How to measure intra-physician variability in clinical decision-making?
Pith reviewed 2026-06-29 09:42 UTC · model grok-4.3
The pith
Learned-Weights matching estimates intra-physician prescribing variability with the lowest error among eight tested methods on synthetic data.
A machine-rendered reading of the paper's core claim, the machinery that carries it, and where it could break.
Core claim
On synthetic data generated across 94 conditions, Learned-Weights matching recovers intra-physician discordance probability with mean absolute error of 0.027, followed by Mutual-Information-weighted matching at 0.028 and Random Forest proximity at 0.034. When physician variability groups are well separated, every method preserves the ground-truth rank ordering of physicians with Spearman correlation above 0.89. Under a continuous-heterogeneity model, supervised feature-weighted methods and the Bayesian GLMM retain moderate rank fidelity while unsupervised approaches fall to 0.28–0.35.
What carries the argument
Benchmarking of eight discordance estimators (Euclidean, Mahalanobis, Learned-Weights, Genetic Mahalanobis, Random Forest proximity, Mutual-Information-weighted, Latent Profile Analysis, Bayesian binomial GLMM) against synthetic ground-truth variability.
If this is right
- Learned-Weights matching supplies the most accurate point estimate of a physician's discordance rate on synthetic cases.

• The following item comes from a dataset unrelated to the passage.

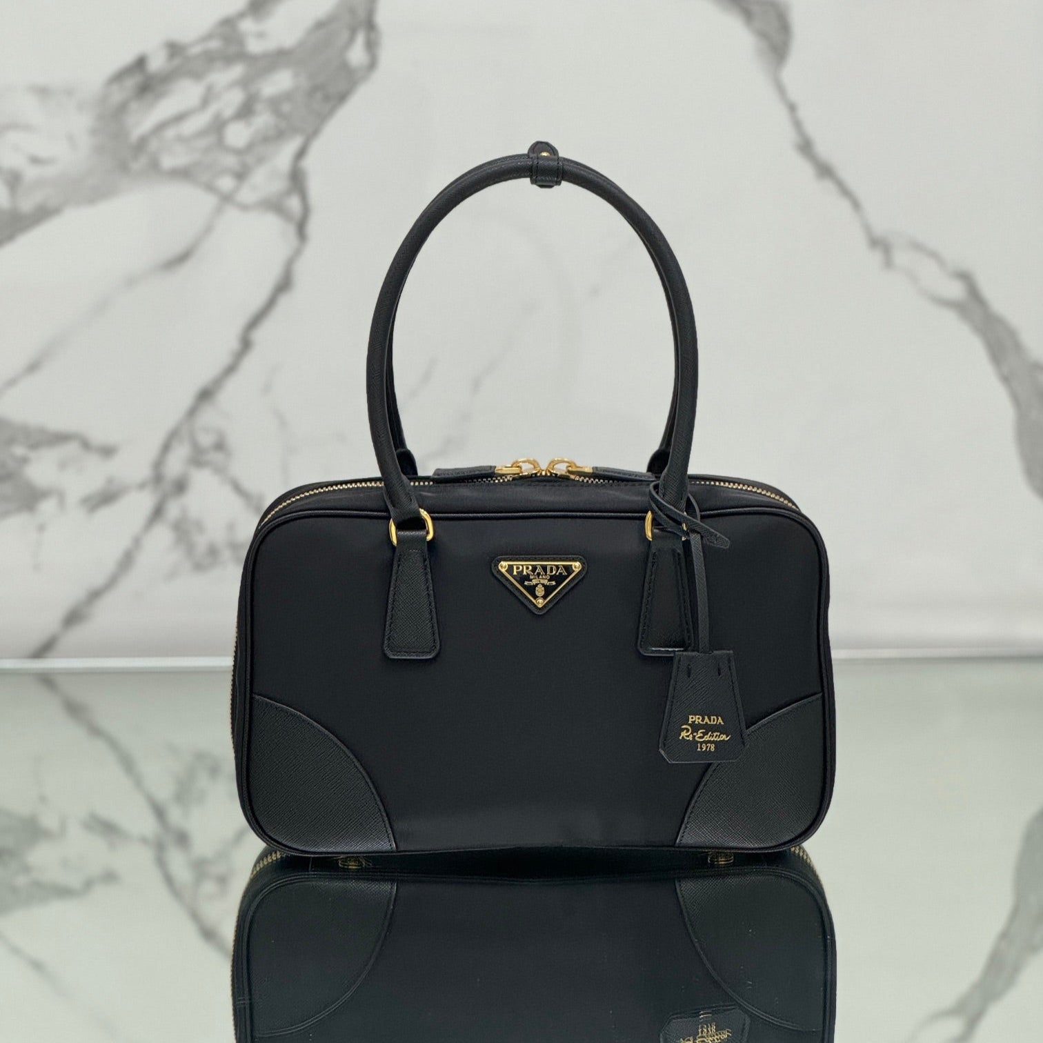 MEDIUM TOP HANDLE BAG 30 IN BLACK NYLON AND CALFSKIN TRIM
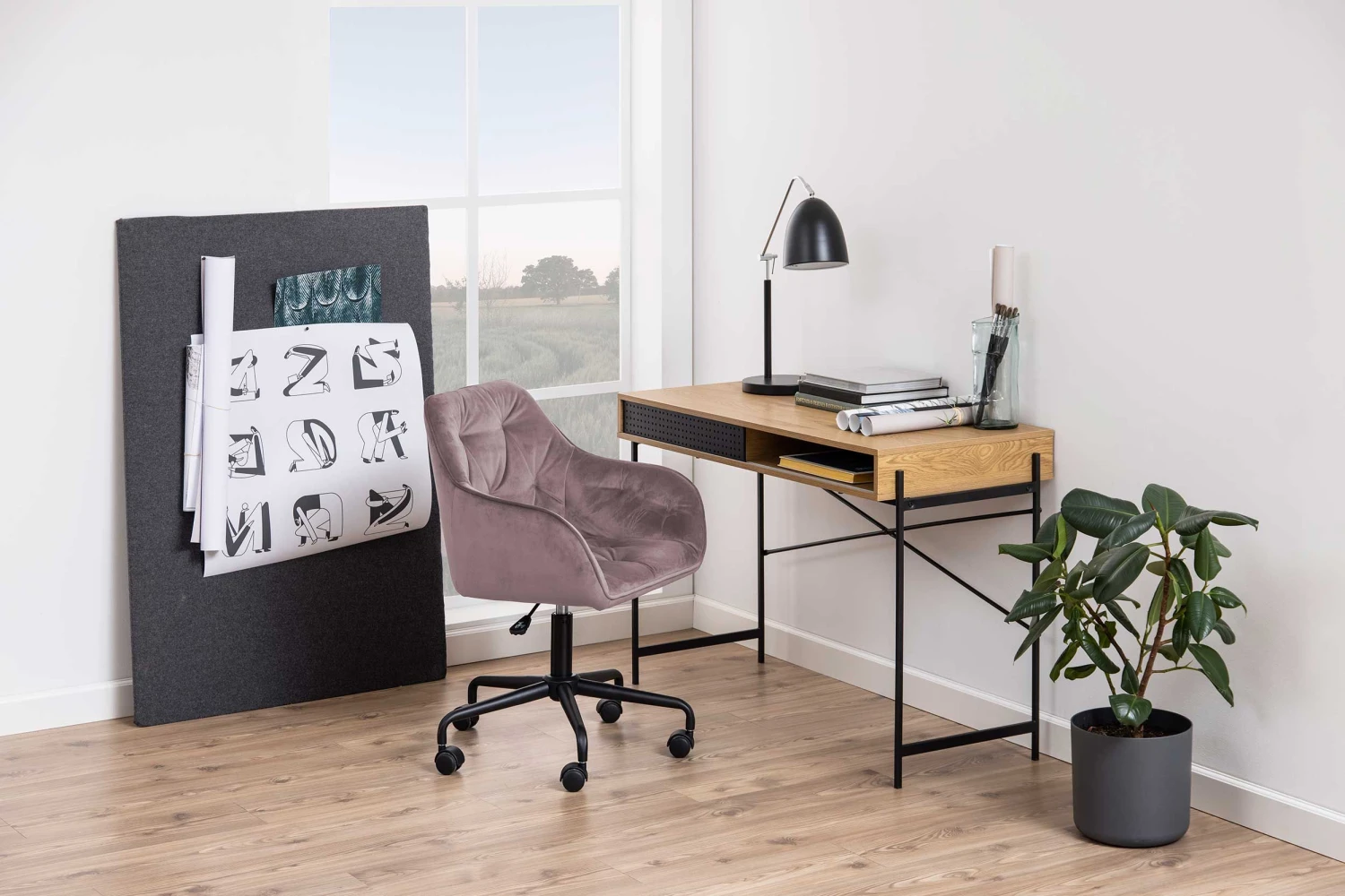 Bureaustoel Bridget met oudroze stoffen bekleding. Uitgerust met wieltjes, in hoogte verstelbaar.

- All methods maintain physician ordering when variability clusters are distinct, enabling relative quality ranking.
- Supervised weighted methods remain usable under continuous heterogeneity where unsupervised methods lose rank signal.
- Validated estimators would allow routine tracking of intra-physician inconsistency alongside existing between-physician studies.
- Open-source implementations could be applied directly to electronic health record prescribing logs.
Where Pith is reading between the lines
- The same matching approach could be tested on non-prescribing decisions such as diagnostic test ordering or referral patterns.
- Integration with patient outcome registries would allow direct testing of whether high estimated variability correlates with worse clinical results.
- Real-time dashboard versions could flag physicians whose recent decisions deviate from their own historical patterns on matched cases.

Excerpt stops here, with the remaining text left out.